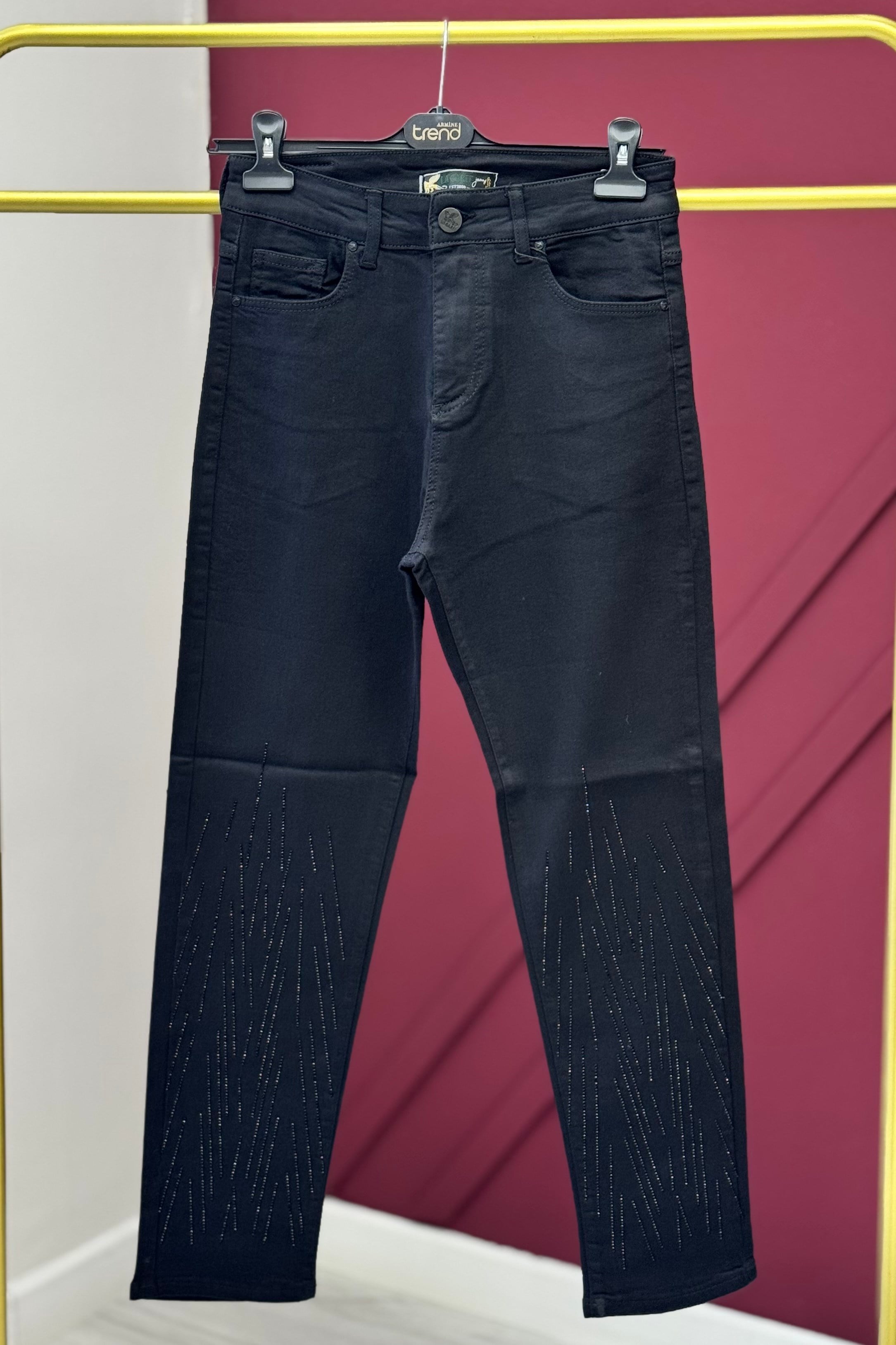 Çubuk Taş İşlemeli Mom Pantolon 0291-ÇT - Siyah
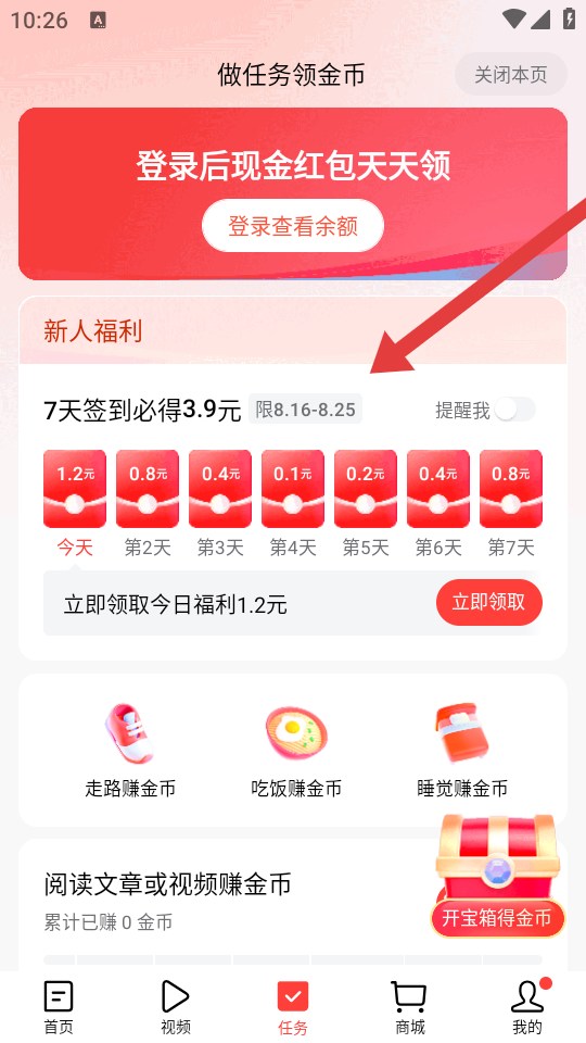3、进入今日头条安卓版app任务页面,参与7天签到必得3.9元等新人福利活动,完成任务领取金币或现金奖励。
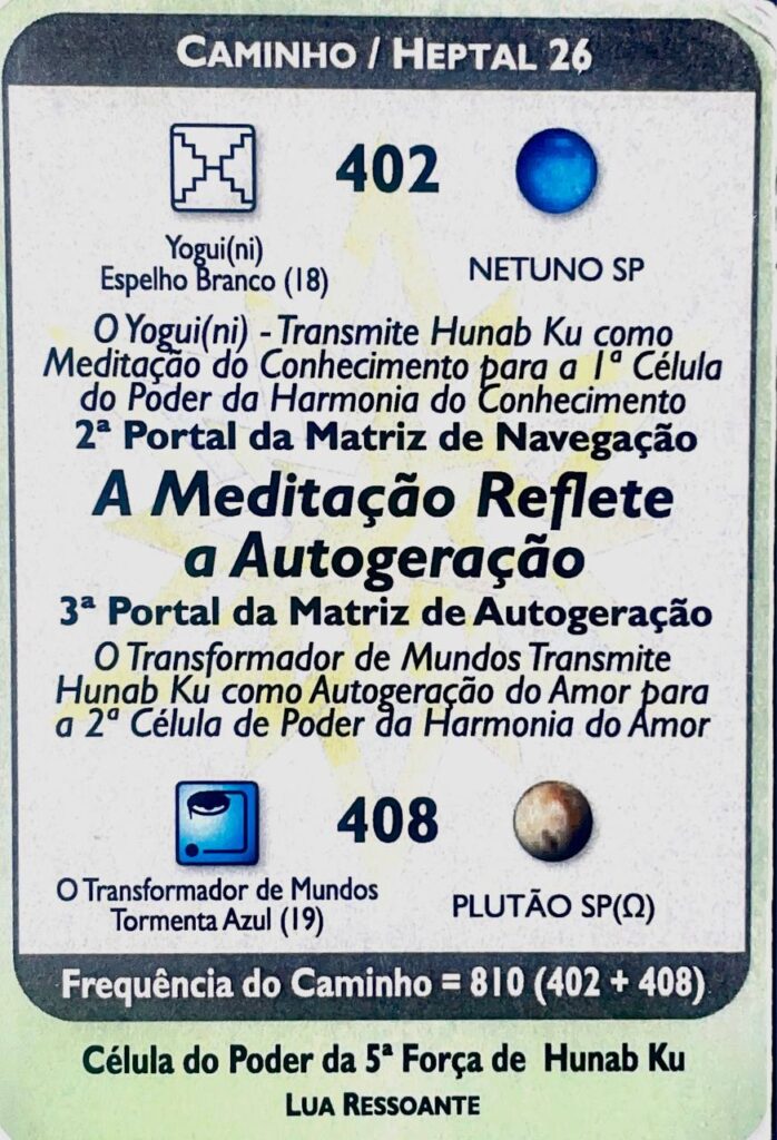 O Kin Analógo, V. 11, H. 8. UMB 402. Runa Harmônica UR 81: A Radiogenesis Estabelece o Todo da Vida Galáctica. 3ª Oitava: Oitava do Todo da Vida Galáctica. Runa da Fila 11. Oitava porta de Unidade do tempo vertical descendente. Corresponde ao Yogue/ni (Espelho). Segundo Porta da Matriz de Hunab Ku 21. Yogue/ni mede a força da luz-fotón-ciclón de Hunab Ku com a linha de força centrífuga térmica Dum Kuali e a linha de força centrípeta térmica-lumínica Kum. A partir daqui é gerado o Hiperneutron que estimula os estados subliminais da consciência. Ativa a célula harmônica polar norte do polo Marka com o electron mental e sela o plasma radial: Limi. Abre a sexta porta do heptal: a porta da Transcêndencia. Neptuno Solar-Profético.
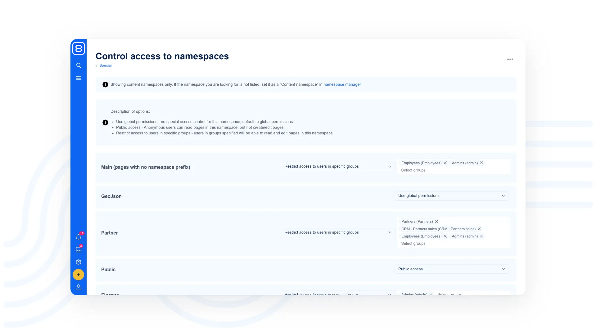 Protege los datos sensibles de tu empresa. Controla el intercambio público, la edición, el acceso de solo lectura o restringe a personas específicas.
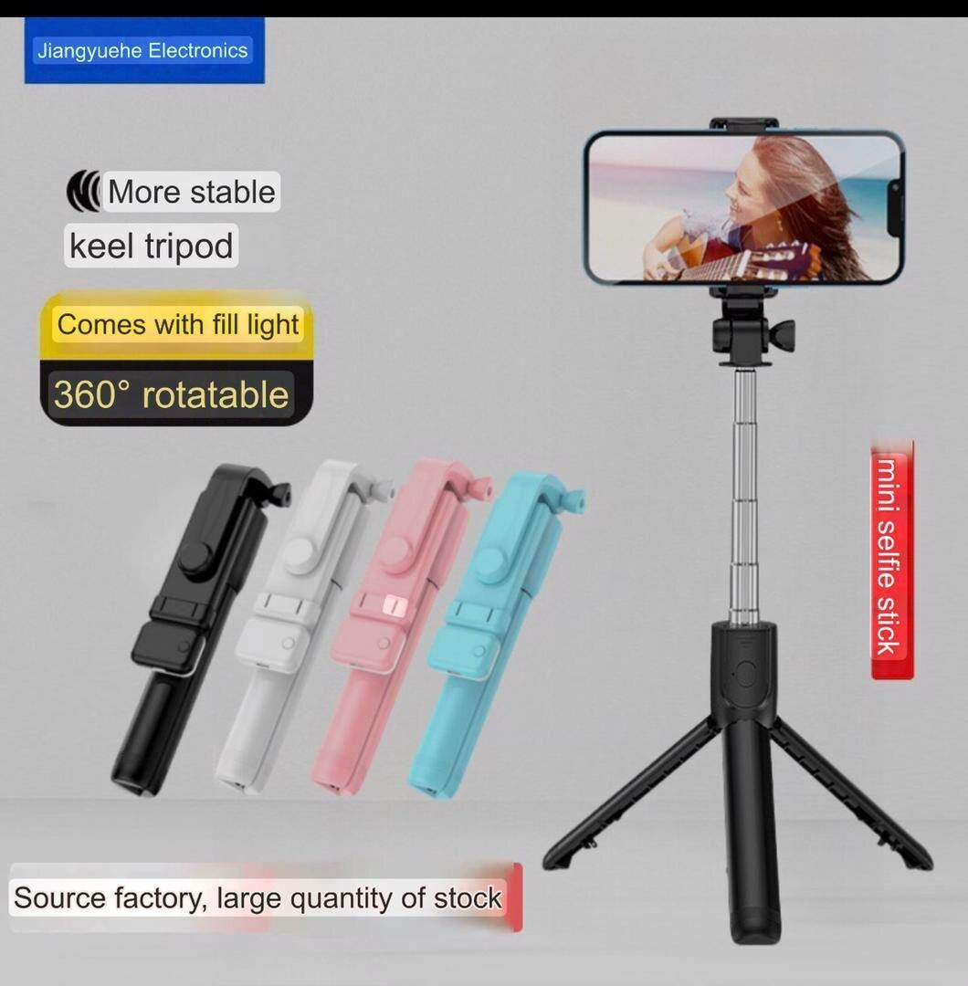 Can also be used as phone stand. Has a remote controller Bluetooth connection Mini light
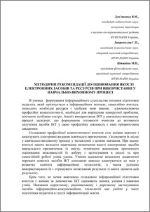 - Дем’яненко, В.М., Лаврентьєва, Г.П. and Шишкіна, М.П. (2012) Guidelines to quality evaluation of electronic tools and resources used in educational process Computer at School and at Home , 7 (103). pp. 3-7.
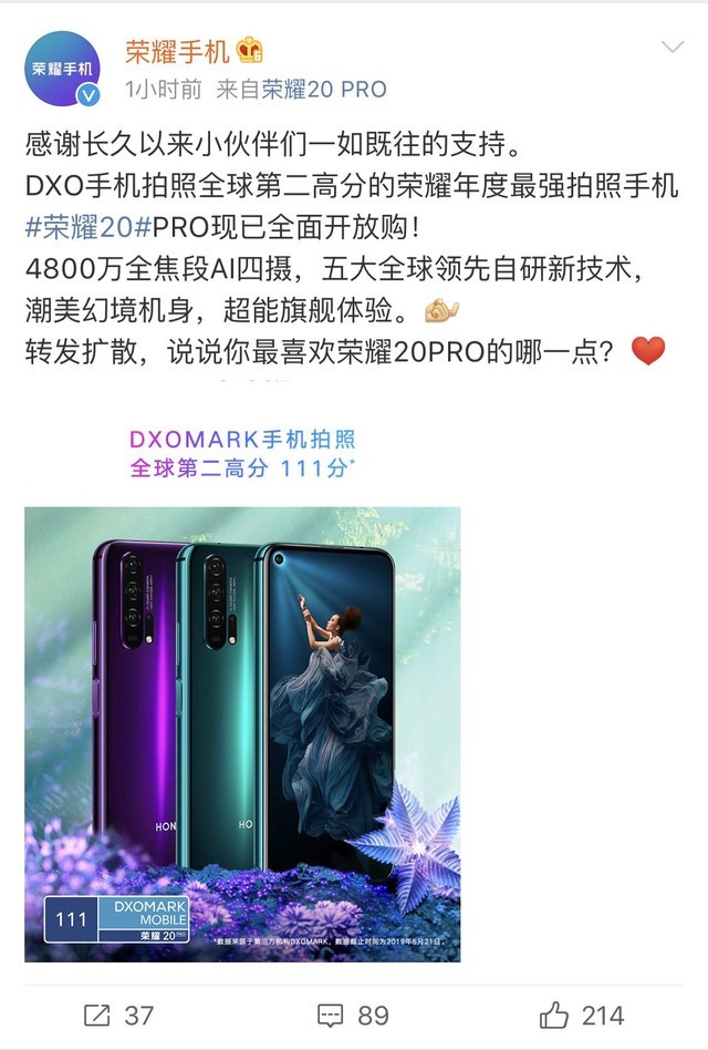 中关村在线消息:今晨,@荣耀手机官方微博发布消息,荣耀20 PRO已全面开放购买。值得一提的是,该机曾在DxOMark获得111的高评分,是目前DxOMark的第二高分。
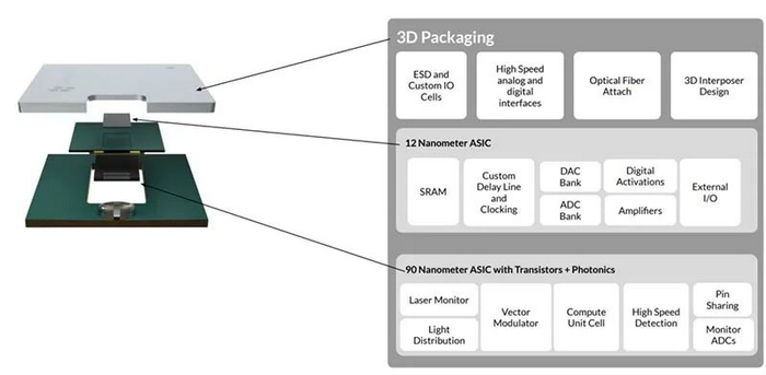 Lightmatter的芯片由兩個垂直堆疊的芯片組成,整個芯片面積為150平方毫米,兩個裸片均由格芯標(biāo)準(zhǔn)CMOS工藝制造,包含超過十億個FinFET晶體管、數(shù)萬個光子算術(shù)單元和數(shù)百個記錄設(shè)置數(shù)據(jù)轉(zhuǎn)換器。
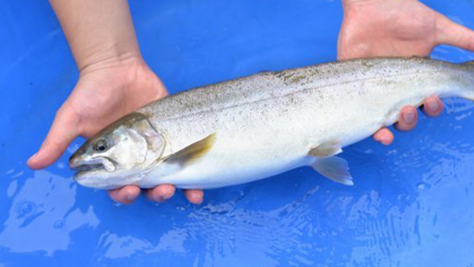 1998(平成10)年に旧東京都水産試験場奥多摩分場にて、当時の先端技術を活用し、大型となる3倍体ヤマメ「奥多摩やまめ」が開発されました。大型化によって、刺身や寿司の、ムニエルなどの料理で味わうことができるほか、燻製や干物などの加工品も商品化されています。また、通常のヤマメに比べてタンパク質や脂肪が多く含まれています。そのため、成分の季節的変化が少なく、肉質が安定しており、産卵期の腹部の厚みが落ちることがなく、一年中おいしく食べられます。
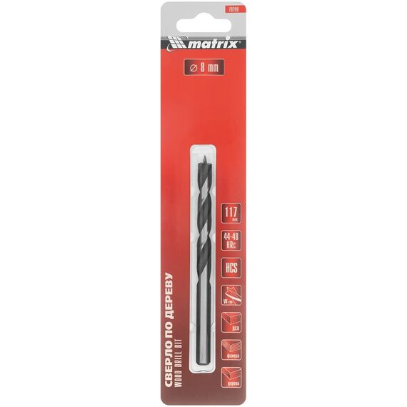 MATRIX Сверло по дереву, 8 х 117 мм, цилиндрический хвостовик
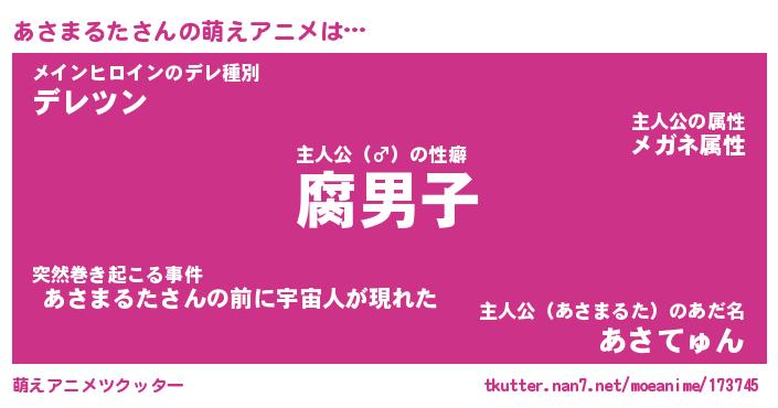 | 胡散臭い通販商品みたいなあだ名 | 『モテモテ間違いなしブレスレット…その名も「あさまるた」』 |
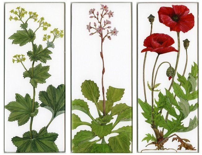 Each painting is 21cm x 8.5cm on 4mm glass and involves acid etching, drawing, painting and gilding in the technique of Verre Eglomisé. The back of each panel is gilded to cast a glow behind the plant, emphasising its preciousness, making that which is considered common more exquisite. The paintings are presented in groups of three reflecting the season, their habitat or their relationship with each other, capturing their delightful vivacity.
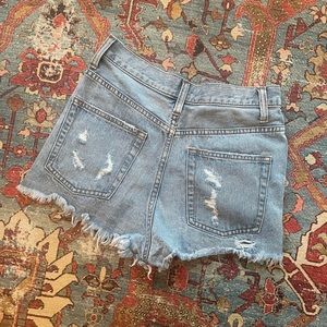 Distressed high rise Jean shorts with metal hoop detailing extremely comfortable
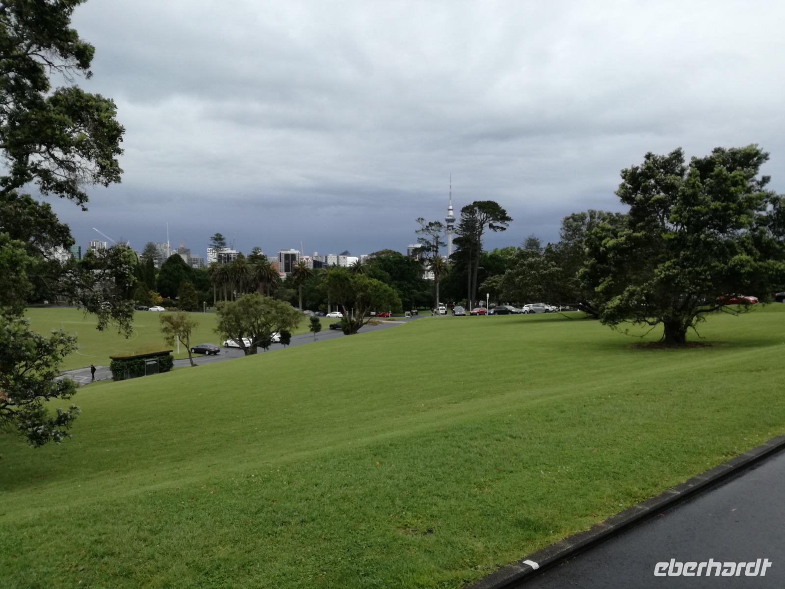 Als wir morgens den Frühstücksraum betraten, kamen wir aus dem Staunen nicht mehr raus. Frische Früchte, frische Pfannkuchen, ein Schokoladenbrunnen, warme Speisen usw. Alles was das Herz begehrt stand vor uns. Also frühstückten wir in Ruhe und gingen dann gemeinsam auf Erkundungstour durch Auckland. Die Stadt der Segel wird auch in Maori Tanaki Makaurau genannt und bedeutet „Tamaki mit hundert Liebhabern. Man vermutet, dass der Name wegen seines fruchtbaren Bodens und unzähligen Wasserwegen entstanden ist. Unser erster Anhaltspunkt war ein schönes Gewächshaus mitsamt eines Botanischen Gartens. Hier sind vor allem Fahne untergebracht und Doris zeigt uns den Silver Fern. Der silberne Farn ist das Nationalsymbol der Kiwis. Weiter führte uns unsere Reise zum Auckland Museum. Hier konnten wir uns gemütlich umsehen und auf eigene Faust die Kunst der Maori entdecken. In der ersten Etage gab es zudem ein Vulkanismus Zentrum, wo man eine Unmenge über Erdbeben und deren Konsequenzen erfahren konnte. Zudem entdeckten wir einen Kiwi. Kiwi" hat in Neuseeland mehrere Bedeutungen: der flugunfähige Vogel, die Kiwi-Frucht und zudem bezeichnet sich die Neuseeländer selbst als Kiwi. Weiter ging es mit der Aufführung der Maroi. Der Name Maori bedeutet Ankömmling, da die Ureinwohner damals von den Polynesischen Inseln nach Neuseeland übergesiedelt. Die Moari sind äußerst gute Navigateure, die sich an die Wolken, Wellen und Vögel orientierten, um sich im Meer zurechtzufinden. Auch heute gewinnen viele Kiwis mit Maori-Abstammung bei Ruderwettbewerben. Aber der Nationalsport ist Rugby, wo die sogenannten All Black einen Titel nach dem Anderen gewinnen und die Gegnern vor allem mit dem Haka Furcht eintreiben. Die Kriegstanz Haka konnten wir auch bei der Aufführung bestaunen und im Anschluss noch Bilder mit den Schaustellern machen.
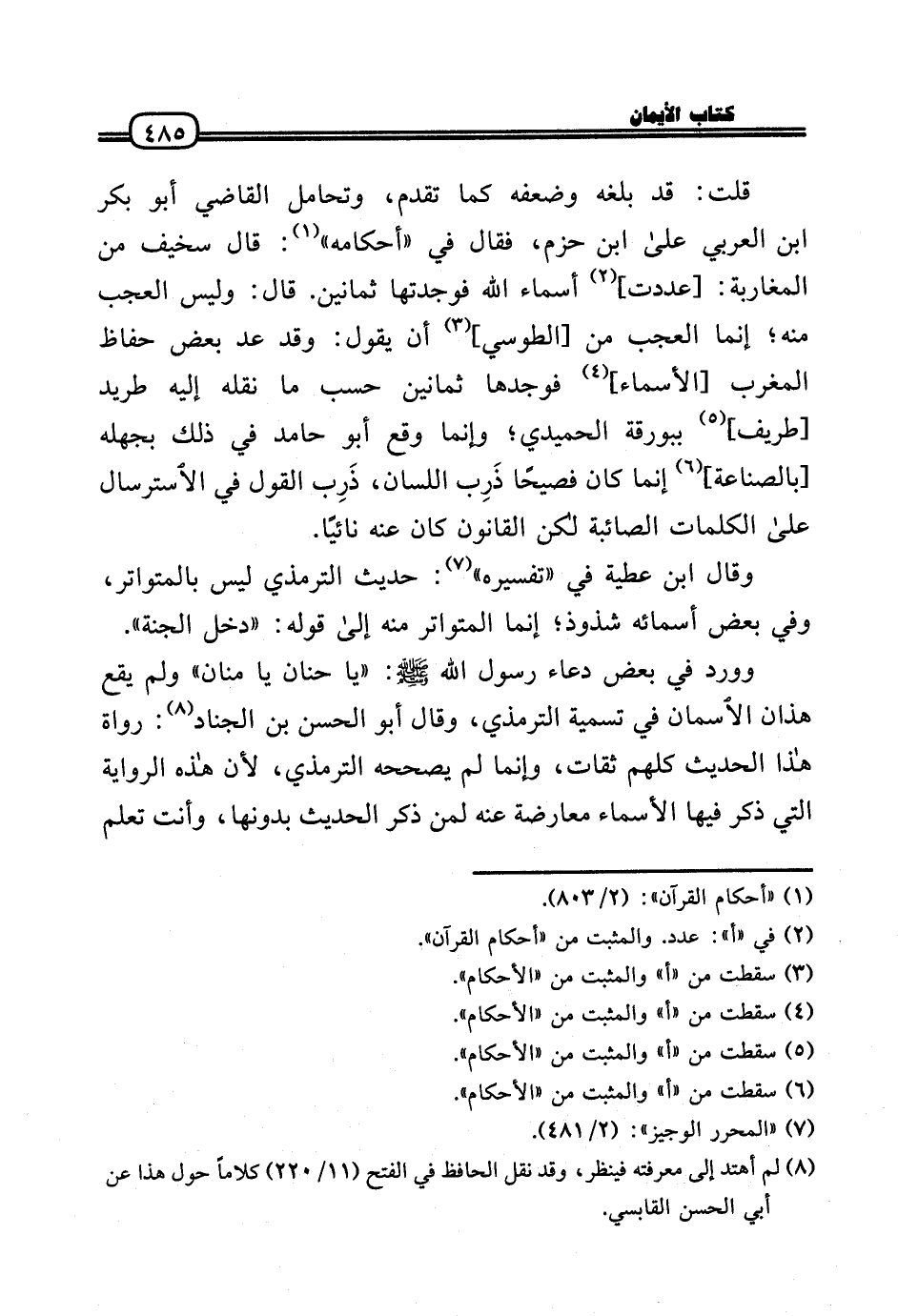 قلت: قد بلغه وَضَعفه كَمَا تقدم، وتحامل القَاضِي أَبُو بكر بن الْعَرَبِيّ عَلَى ابْن حزم، فَقَالَ فِي «أَحْكَامه» : قَالَ سخيف من المغاربة: [عددت] أَسمَاء الله فَوَجَدتهَا ثَمَانِينَ. قَالَ: وَلَيْسَ الْعجب مِنْهُ؛ إِنَّمَا الْعجب من [الطوسي] أَن يَقُول: وَقد عد بعض حفاظ الْمغرب [الْأَسْمَاء] فَوَجَدَهَا ثَمَانِينَ حسب مَا نَقله إِلَيْهِ طريد [طريف] ببورقة الْحميدِي؛ وَإِنَّمَا وَقع أَبُو حَامِد فِي ذَلِك بجهله [بالصناعة] إِنَّمَا كَانَ فصيحًا ذَرِب اللِّسَان، ذَرِب القَوْل فِي الاسترسال عَلَى الْكَلِمَات الصائبة لَكِن القانون كَانَ عَنهُ نَائِيا.

◆ ◆ ◆ ◆ ◆ ◆ ◆

_Task instructions_. Please set down, exactly and with no pictures, the lines in the entries above starting at the one holding "3、进入今日头条安卓版app" and ending at the one holding "Can also be", ends included.

_Task solution_.
3、进入今日头条安卓版app任务页面,参与7天签到必得3.9元等新人福利活动,完成任务领取金币或现金奖励。
 O Kin Analógo, V. 11, H. 8. UMB 402. Runa Harmônica UR 81: A Radiogenesis Estabelece o Todo da Vida Galáctica. 3ª Oitava: Oitava do Todo da Vida Galáctica. Runa da Fila 11. Oitava porta de Unidade do tempo vertical descendente. Corresponde ao Yogue/ni (Espelho). Segundo Porta da Matriz de Hunab Ku 21. Yogue/ni mede a força da luz-fotón-ciclón de Hunab Ku com a linha de força centrífuga térmica Dum Kuali e a linha de força centrípeta térmica-lumínica Kum. A partir daqui é gerado o Hiperneutron que estimula os estados subliminais da consciência. Ativa a célula harmônica polar norte do polo Marka com o electron mental e sela o plasma radial: Limi. Abre a sexta porta do heptal: a porta da Transcêndencia. Neptuno Solar-Profético.
 Protege los datos sensibles de tu empresa. Controla el intercambio público, la edición, el acceso de solo lectura o restringe a personas específicas.
 Can also be used as phone stand. Has a remote controller Bluetooth connection Mini light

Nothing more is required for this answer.